EXERCISE:
Leave the pictures out. Retype exactly the lines below from the one containing "Elegant Comfy Caramel" through the one containing "Монах с королевской", and no others.

=-=-=

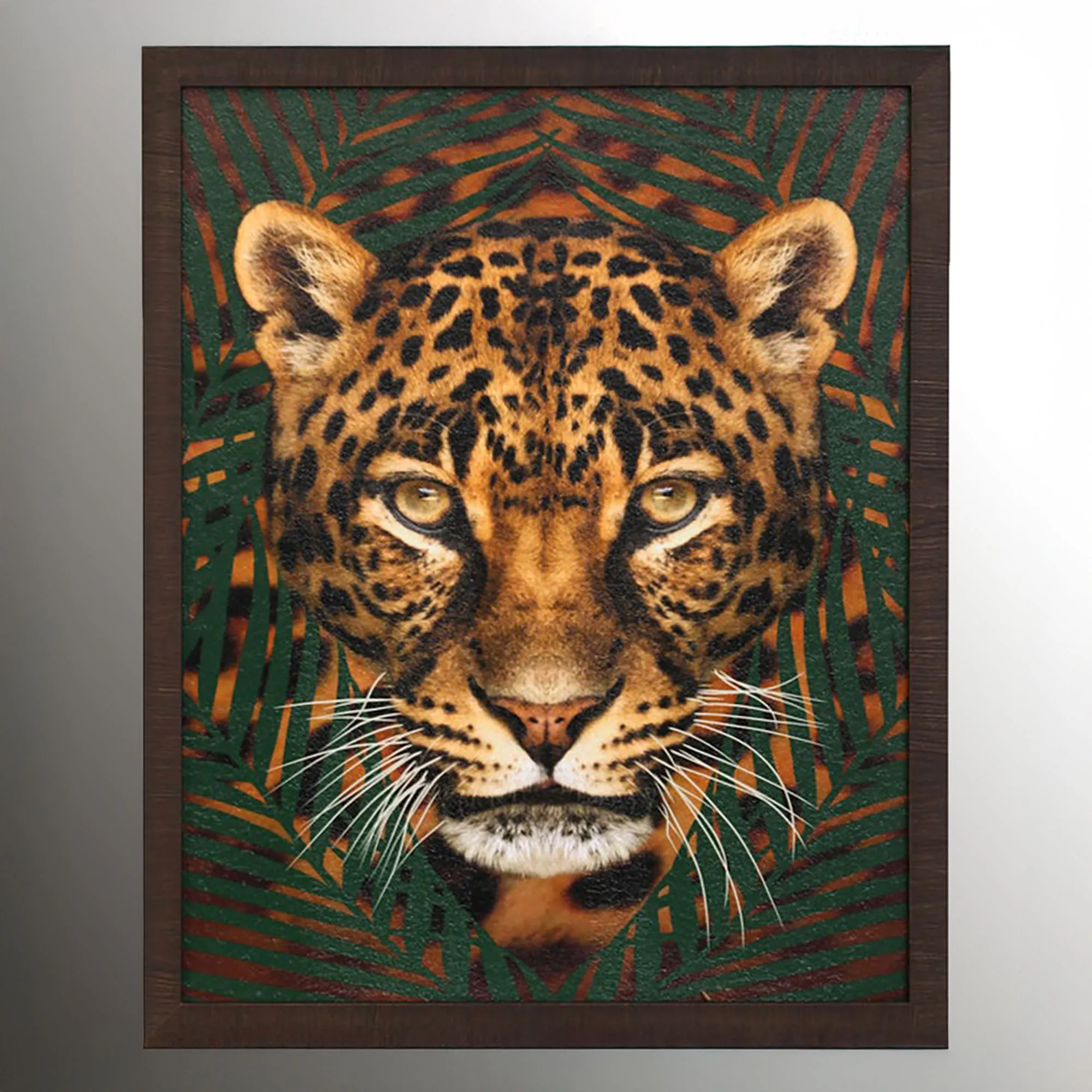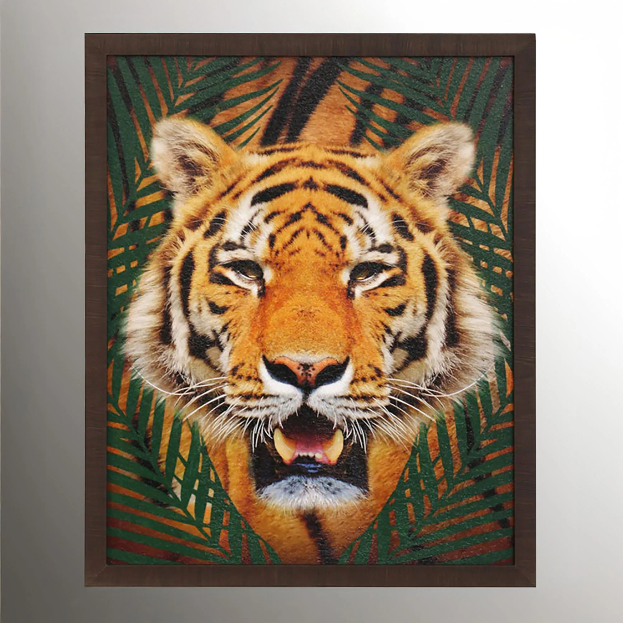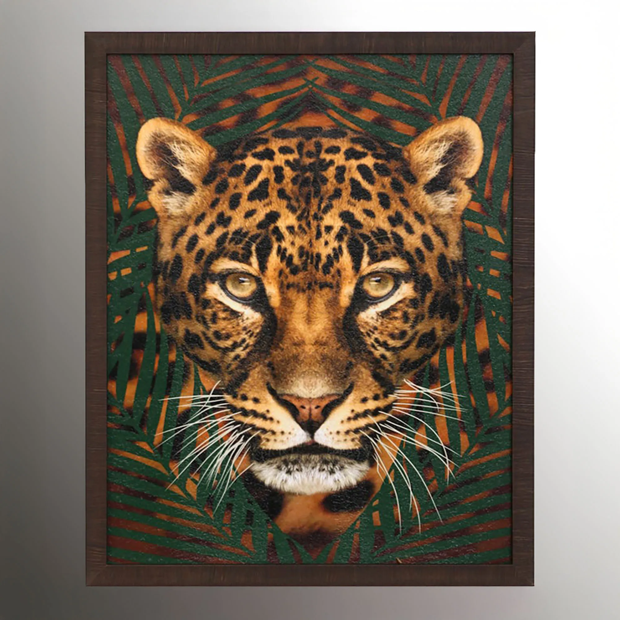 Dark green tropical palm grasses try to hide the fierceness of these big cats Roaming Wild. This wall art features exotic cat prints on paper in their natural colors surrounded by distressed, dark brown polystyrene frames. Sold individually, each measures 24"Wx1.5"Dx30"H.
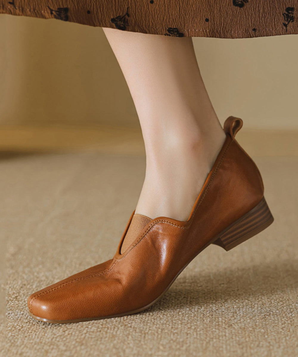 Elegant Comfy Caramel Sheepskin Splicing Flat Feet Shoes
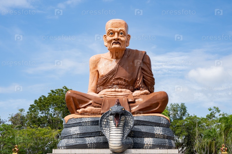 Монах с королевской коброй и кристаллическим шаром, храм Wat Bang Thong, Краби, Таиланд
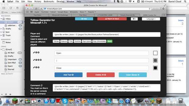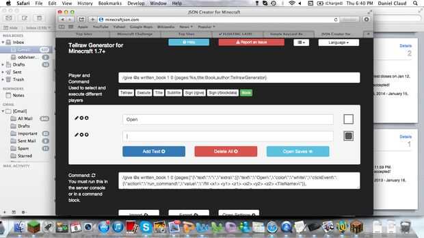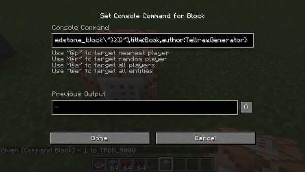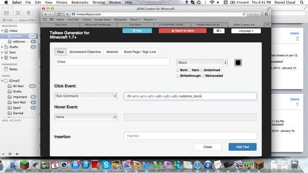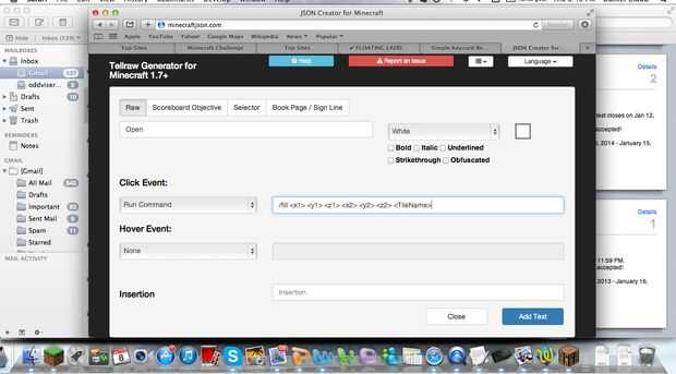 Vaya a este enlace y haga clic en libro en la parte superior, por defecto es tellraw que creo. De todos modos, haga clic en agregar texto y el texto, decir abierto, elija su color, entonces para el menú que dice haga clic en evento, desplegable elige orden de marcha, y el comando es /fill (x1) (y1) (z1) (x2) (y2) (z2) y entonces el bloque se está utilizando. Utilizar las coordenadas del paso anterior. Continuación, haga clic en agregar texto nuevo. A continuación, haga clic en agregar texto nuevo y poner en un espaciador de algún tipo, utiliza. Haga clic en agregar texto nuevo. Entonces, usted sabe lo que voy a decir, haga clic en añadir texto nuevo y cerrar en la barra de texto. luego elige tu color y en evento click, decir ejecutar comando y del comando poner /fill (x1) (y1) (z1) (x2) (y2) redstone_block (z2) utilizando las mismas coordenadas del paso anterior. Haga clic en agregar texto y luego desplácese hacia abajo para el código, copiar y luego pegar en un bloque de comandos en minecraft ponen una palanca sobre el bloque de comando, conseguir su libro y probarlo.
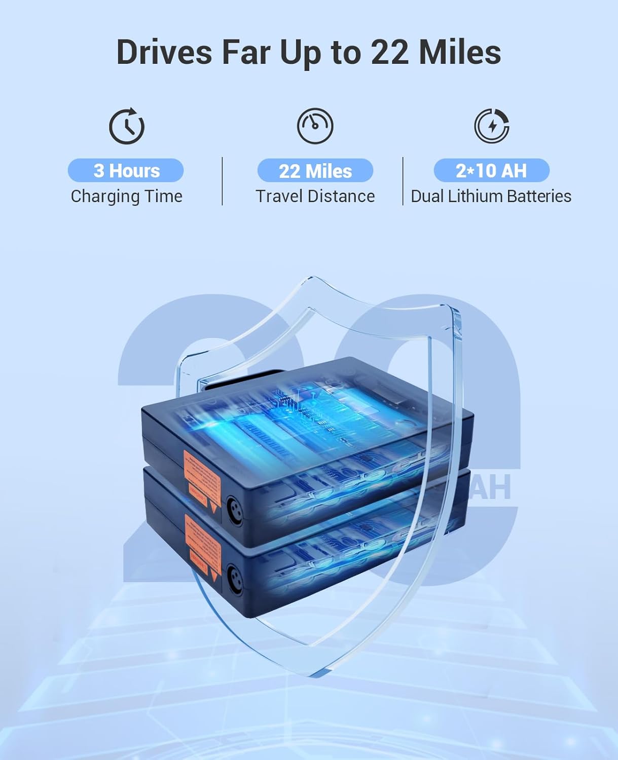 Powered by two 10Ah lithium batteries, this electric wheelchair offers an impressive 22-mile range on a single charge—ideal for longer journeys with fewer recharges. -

=-=-=

RESULT:
 Elegant Comfy Caramel Sheepskin Splicing Flat Feet Shoes
 Монах с королевской коброй и кристаллическим шаром, храм Wat Bang Thong, Краби, Таиланд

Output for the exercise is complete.